* _INSTRUCTIONS TO FOLLOW_: Only the lines below between the one holding "Nigeria – Tragedi" and the one holding "既注重與企業協同開展引導學生", inclusive, are to be reproduced word for word; the pictures are to be left out.

* _AVAILABLE DATA_:
◆ ◆ ◆ ◆ ◆ ◆ ◆
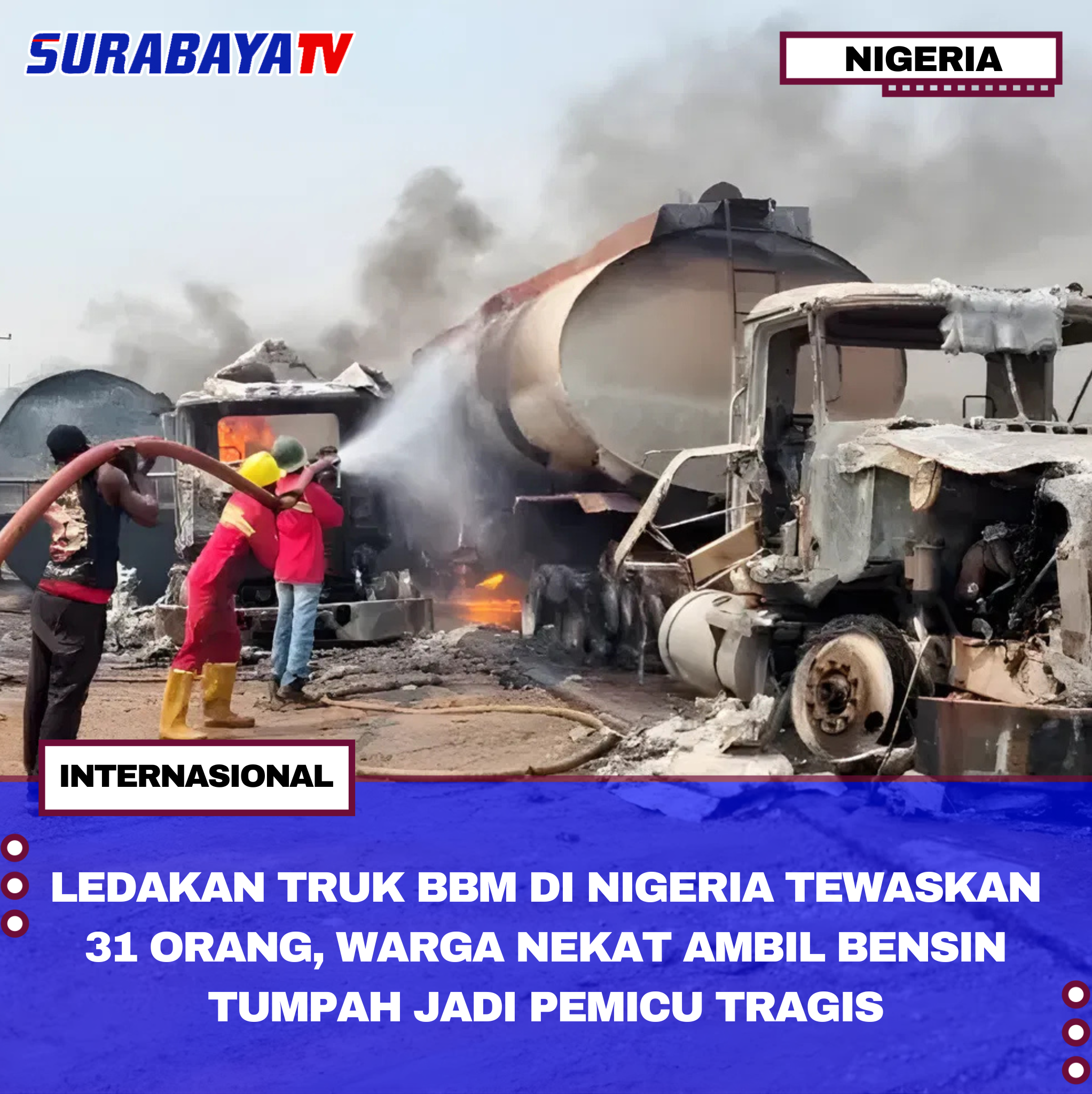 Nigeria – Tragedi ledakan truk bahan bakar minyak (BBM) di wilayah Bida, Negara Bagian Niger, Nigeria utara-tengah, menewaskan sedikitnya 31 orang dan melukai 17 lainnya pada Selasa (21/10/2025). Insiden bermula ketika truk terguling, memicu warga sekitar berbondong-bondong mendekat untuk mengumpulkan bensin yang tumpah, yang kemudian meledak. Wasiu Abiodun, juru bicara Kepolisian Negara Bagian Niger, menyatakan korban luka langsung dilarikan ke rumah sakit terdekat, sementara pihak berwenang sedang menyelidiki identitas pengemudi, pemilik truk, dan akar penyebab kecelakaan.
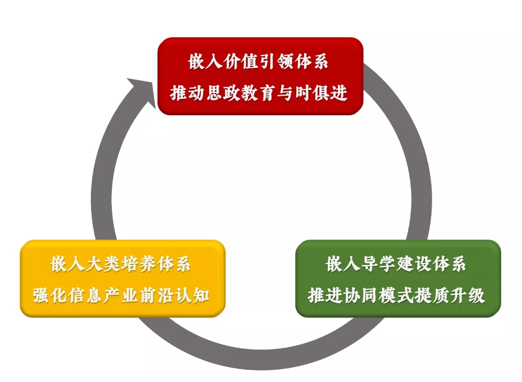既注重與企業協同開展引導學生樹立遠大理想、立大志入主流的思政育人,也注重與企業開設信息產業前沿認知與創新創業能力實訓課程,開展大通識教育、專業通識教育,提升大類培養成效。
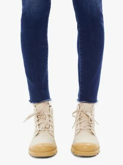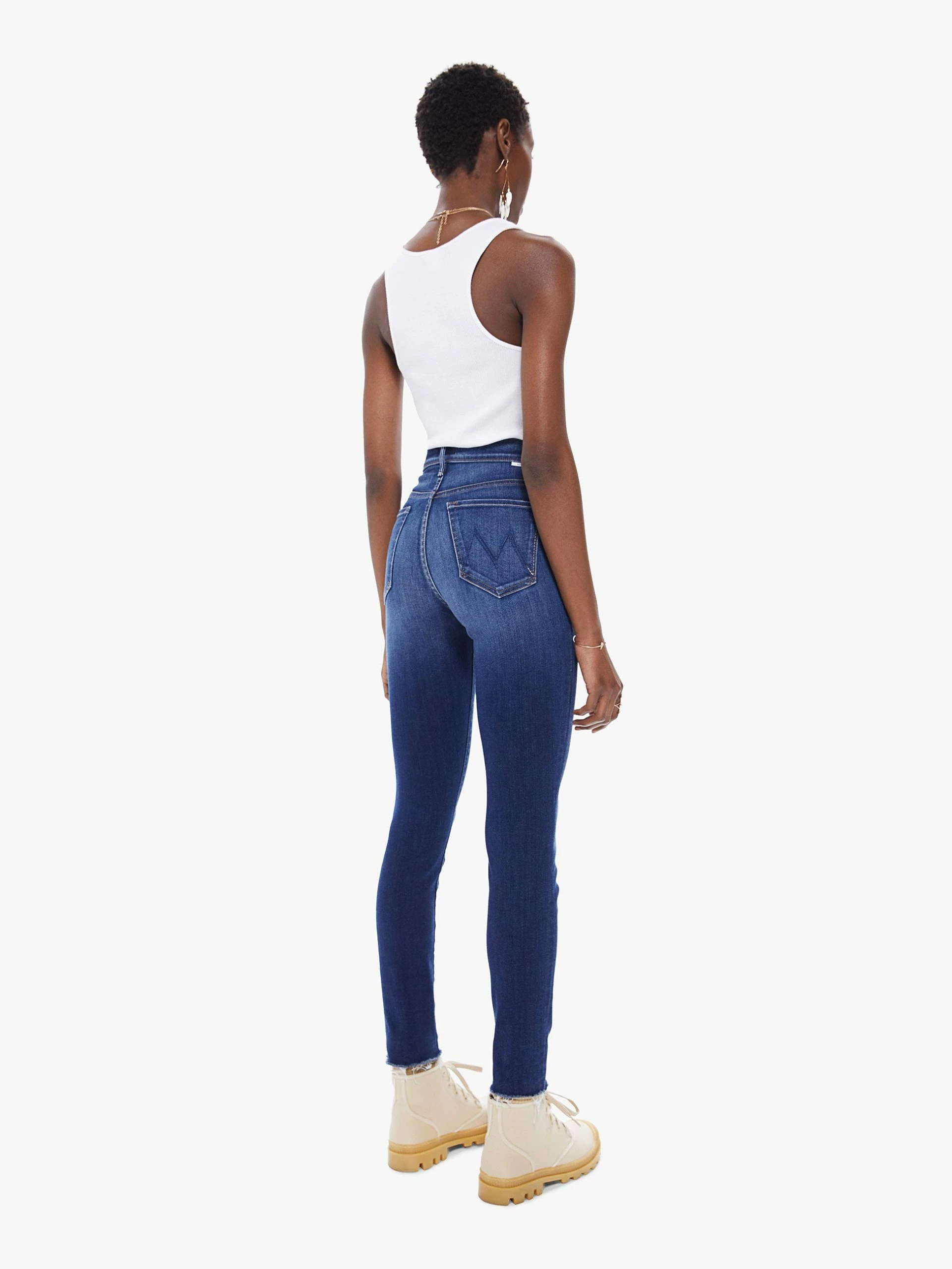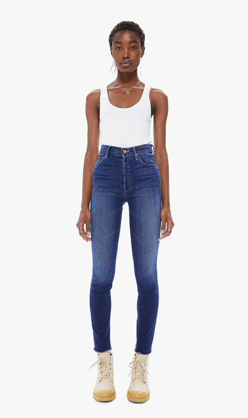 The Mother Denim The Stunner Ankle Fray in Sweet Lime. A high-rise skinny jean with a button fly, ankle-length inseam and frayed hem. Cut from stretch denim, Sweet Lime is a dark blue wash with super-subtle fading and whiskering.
◆ ◆ ◆ ◆ ◆ ◆ ◆
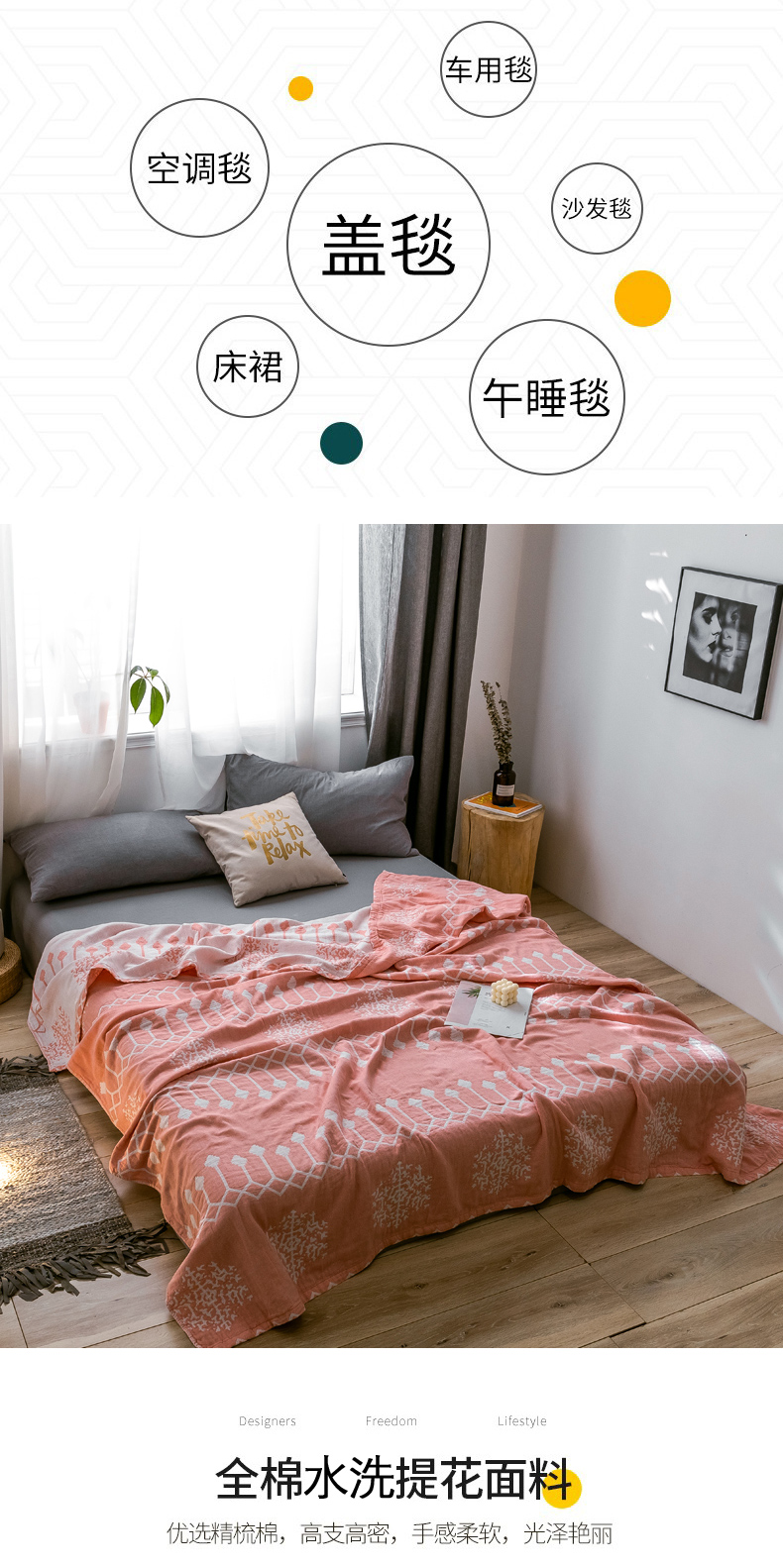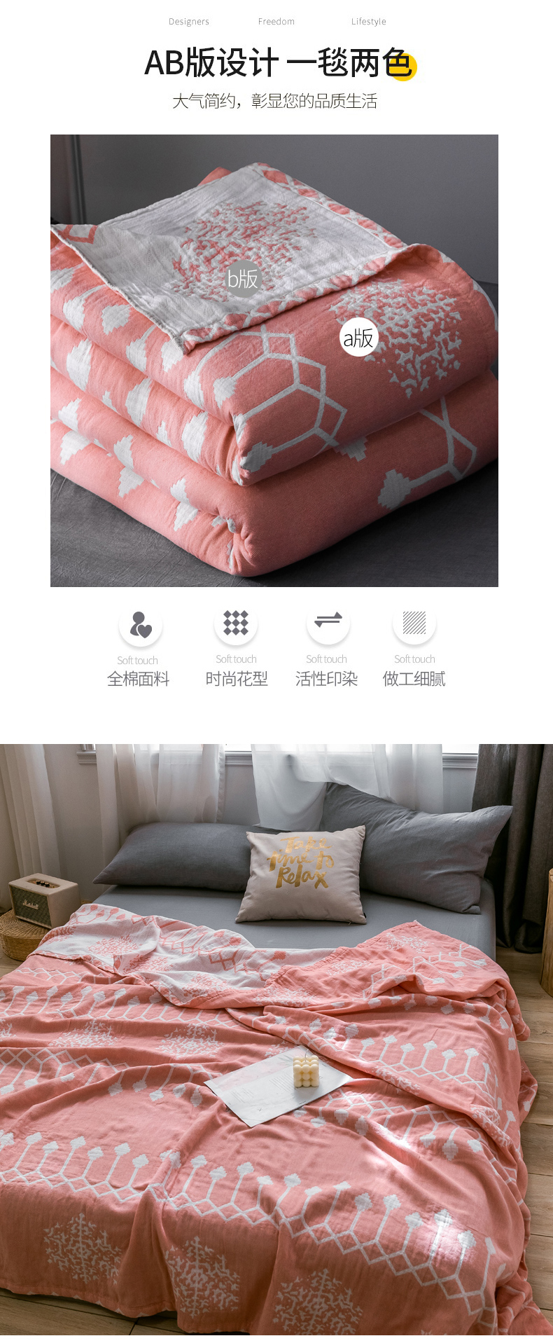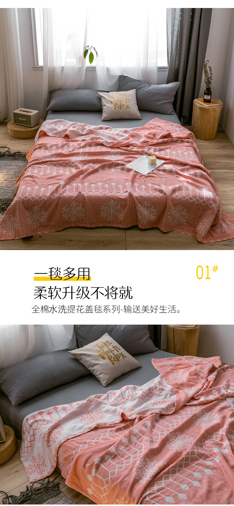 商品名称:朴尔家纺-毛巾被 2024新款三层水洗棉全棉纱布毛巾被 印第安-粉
◆ ◆ ◆ ◆ ◆ ◆ ◆
* _RESPONSE AREA_:
 Nigeria – Tragedi ledakan truk bahan bakar minyak (BBM) di wilayah Bida, Negara Bagian Niger, Nigeria utara-tengah, menewaskan sedikitnya 31 orang dan melukai 17 lainnya pada Selasa (21/10/2025). Insiden bermula ketika truk terguling, memicu warga sekitar berbondong-bondong mendekat untuk mengumpulkan bensin yang tumpah, yang kemudian meledak. Wasiu Abiodun, juru bicara Kepolisian Negara Bagian Niger, menyatakan korban luka langsung dilarikan ke rumah sakit terdekat, sementara pihak berwenang sedang menyelidiki identitas pengemudi, pemilik truk, dan akar penyebab kecelakaan.
既注重與企業協同開展引導學生樹立遠大理想、立大志入主流的思政育人,也注重與企業開設信息產業前沿認知與創新創業能力實訓課程,開展大通識教育、專業通識教育,提升大類培養成效。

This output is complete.